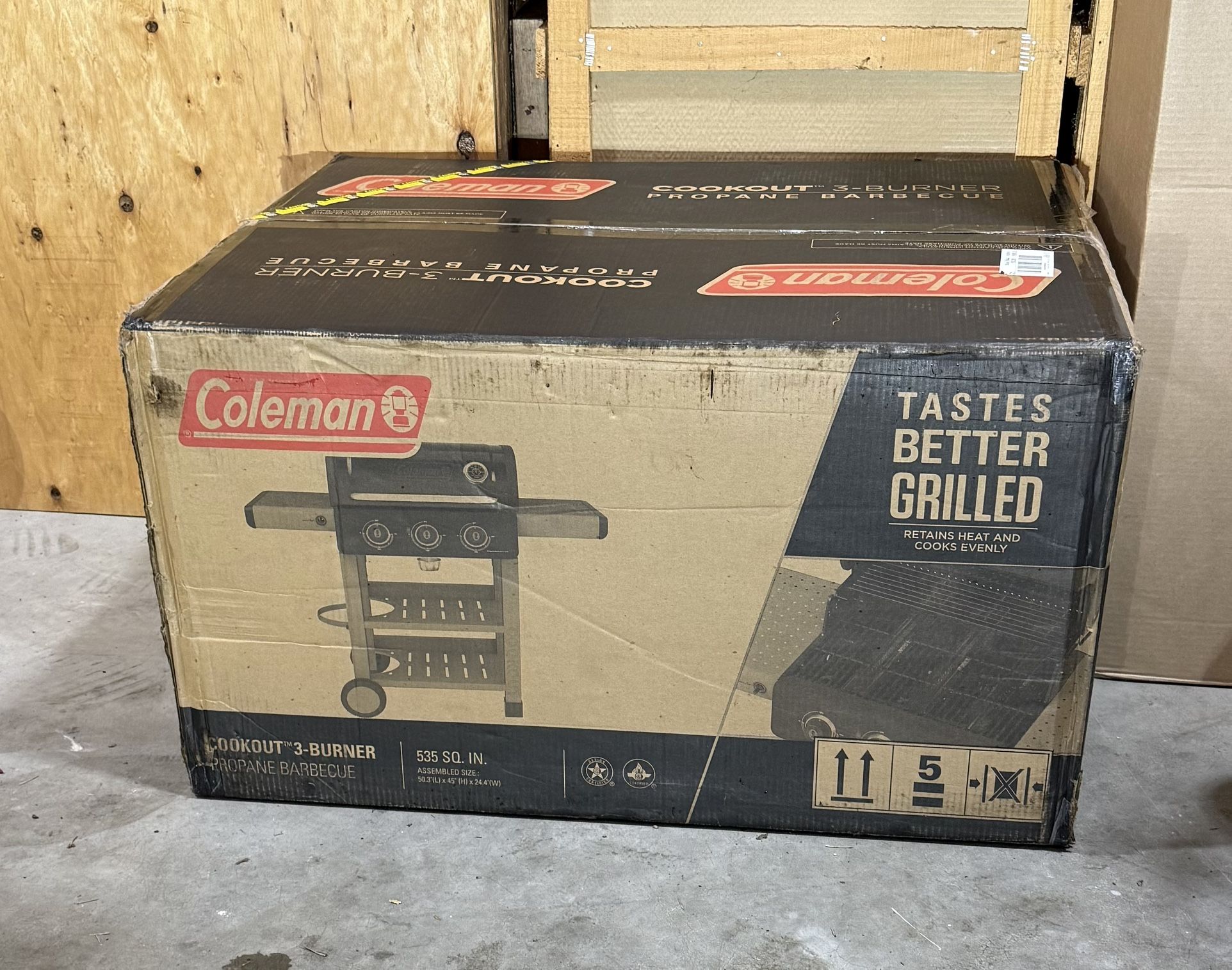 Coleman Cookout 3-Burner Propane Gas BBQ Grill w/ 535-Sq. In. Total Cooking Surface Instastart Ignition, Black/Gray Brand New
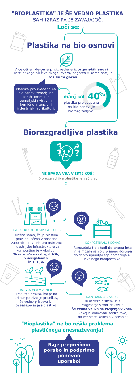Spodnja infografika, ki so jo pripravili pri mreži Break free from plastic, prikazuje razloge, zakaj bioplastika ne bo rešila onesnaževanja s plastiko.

• • • • •

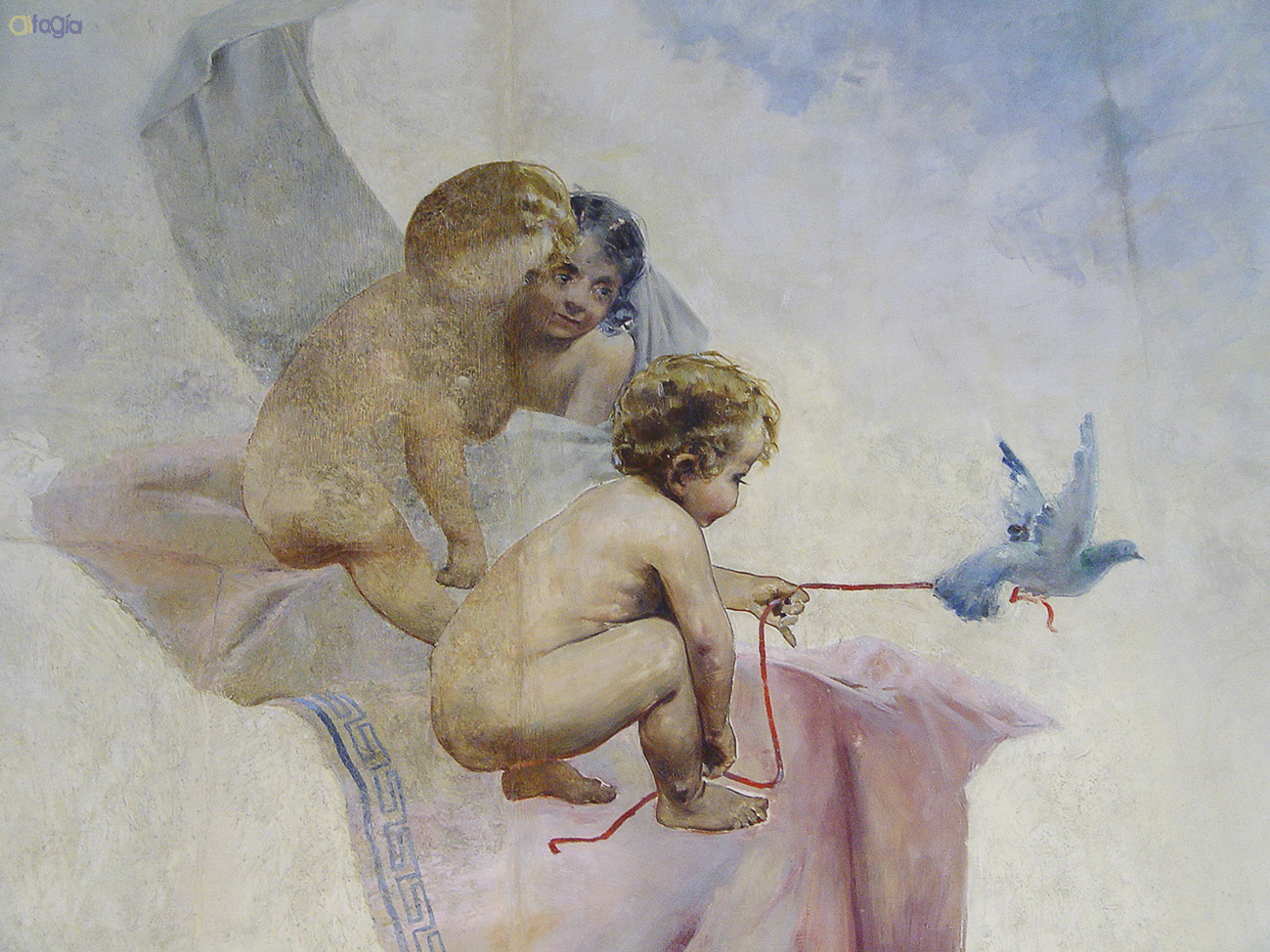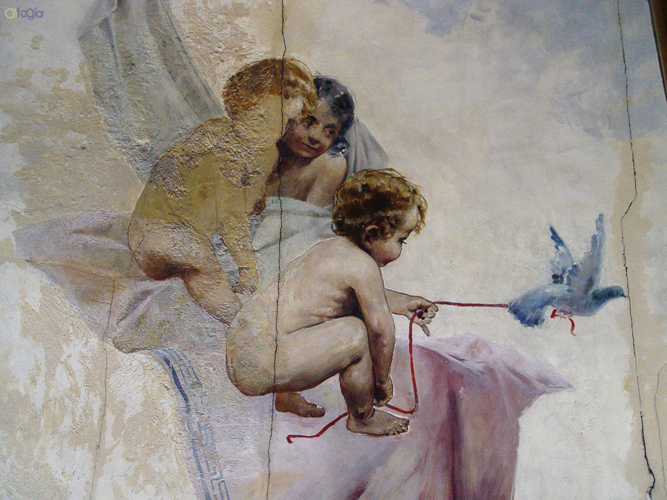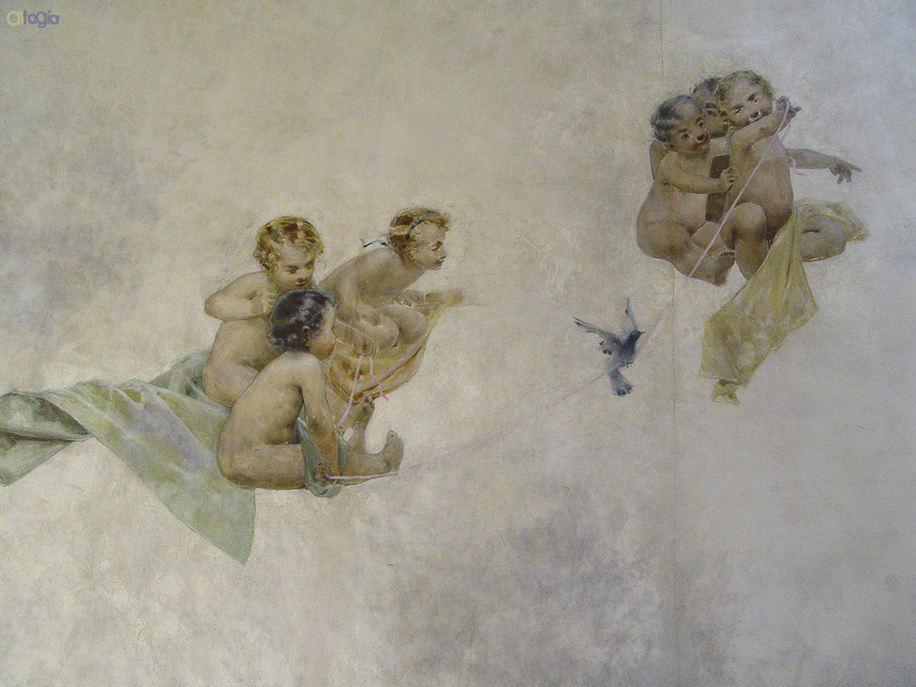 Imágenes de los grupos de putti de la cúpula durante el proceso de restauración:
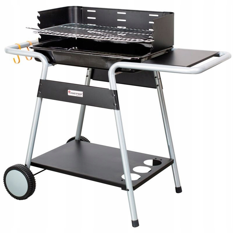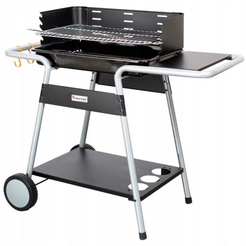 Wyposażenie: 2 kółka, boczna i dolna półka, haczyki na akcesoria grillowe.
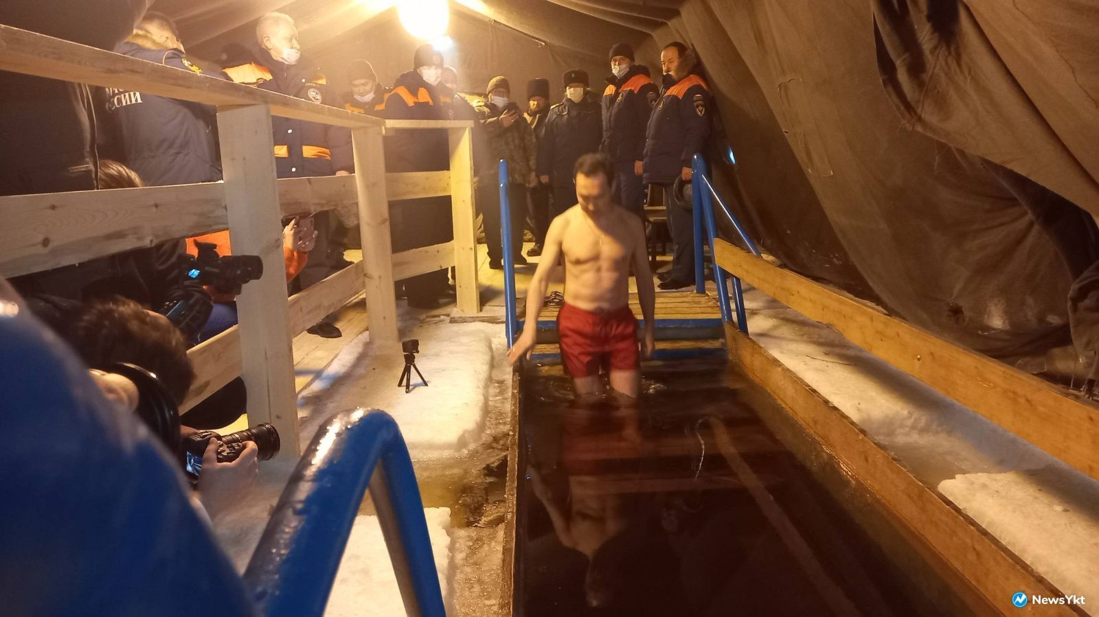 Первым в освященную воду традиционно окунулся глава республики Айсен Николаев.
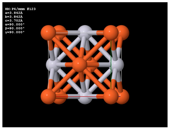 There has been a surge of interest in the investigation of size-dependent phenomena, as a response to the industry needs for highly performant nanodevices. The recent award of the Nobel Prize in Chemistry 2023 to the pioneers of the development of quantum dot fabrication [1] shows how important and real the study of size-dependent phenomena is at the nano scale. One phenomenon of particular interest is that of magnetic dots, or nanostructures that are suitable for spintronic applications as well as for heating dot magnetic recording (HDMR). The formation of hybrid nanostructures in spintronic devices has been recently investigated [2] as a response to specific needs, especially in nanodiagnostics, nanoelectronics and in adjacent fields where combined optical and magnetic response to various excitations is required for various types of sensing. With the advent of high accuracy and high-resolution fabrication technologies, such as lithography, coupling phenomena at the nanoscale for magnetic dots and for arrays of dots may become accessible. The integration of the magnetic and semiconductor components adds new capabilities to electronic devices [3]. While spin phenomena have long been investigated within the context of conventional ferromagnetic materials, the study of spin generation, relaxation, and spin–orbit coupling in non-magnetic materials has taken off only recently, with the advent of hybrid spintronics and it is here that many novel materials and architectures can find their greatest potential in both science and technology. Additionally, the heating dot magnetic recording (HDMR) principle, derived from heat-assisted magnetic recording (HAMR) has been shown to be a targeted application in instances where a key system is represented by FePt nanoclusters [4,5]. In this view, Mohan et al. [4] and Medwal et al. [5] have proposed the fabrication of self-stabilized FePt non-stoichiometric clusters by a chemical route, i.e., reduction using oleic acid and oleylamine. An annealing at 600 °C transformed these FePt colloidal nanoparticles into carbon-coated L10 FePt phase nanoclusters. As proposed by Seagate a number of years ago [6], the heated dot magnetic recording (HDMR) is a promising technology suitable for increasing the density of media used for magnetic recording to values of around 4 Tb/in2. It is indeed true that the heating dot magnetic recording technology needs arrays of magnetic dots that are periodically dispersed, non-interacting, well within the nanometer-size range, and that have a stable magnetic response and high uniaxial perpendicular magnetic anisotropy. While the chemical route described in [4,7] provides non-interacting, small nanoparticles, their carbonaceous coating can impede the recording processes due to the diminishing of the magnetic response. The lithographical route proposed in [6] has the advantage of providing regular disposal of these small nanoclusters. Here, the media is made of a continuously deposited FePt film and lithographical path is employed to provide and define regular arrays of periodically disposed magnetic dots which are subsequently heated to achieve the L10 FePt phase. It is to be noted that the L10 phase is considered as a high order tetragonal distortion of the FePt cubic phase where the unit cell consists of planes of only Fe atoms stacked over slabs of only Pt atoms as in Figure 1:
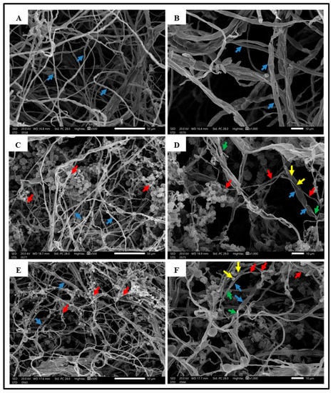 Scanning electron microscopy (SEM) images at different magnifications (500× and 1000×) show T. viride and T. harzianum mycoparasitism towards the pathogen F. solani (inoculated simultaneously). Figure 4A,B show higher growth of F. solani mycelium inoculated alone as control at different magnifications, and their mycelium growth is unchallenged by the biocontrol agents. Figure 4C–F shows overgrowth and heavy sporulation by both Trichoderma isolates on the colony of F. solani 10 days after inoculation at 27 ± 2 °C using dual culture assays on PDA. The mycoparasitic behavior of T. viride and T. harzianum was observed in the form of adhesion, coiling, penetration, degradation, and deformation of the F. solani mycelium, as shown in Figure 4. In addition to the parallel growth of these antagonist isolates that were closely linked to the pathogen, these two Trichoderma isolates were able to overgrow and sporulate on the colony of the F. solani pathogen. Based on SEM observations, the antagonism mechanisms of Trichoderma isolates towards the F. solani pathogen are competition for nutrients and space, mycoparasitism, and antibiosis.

• • • • •

What you write must match the listing exactly, from the line with "Coleman Cookout 3-Burner" up to and including the line with "Spodnja infografika, ki". Pictures stay out.

 Coleman Cookout 3-Burner Propane Gas BBQ Grill w/ 535-Sq. In. Total Cooking Surface Instastart Ignition, Black/Gray Brand New
Spodnja infografika, ki so jo pripravili pri mreži Break free from plastic, prikazuje razloge, zakaj bioplastika ne bo rešila onesnaževanja s plastiko.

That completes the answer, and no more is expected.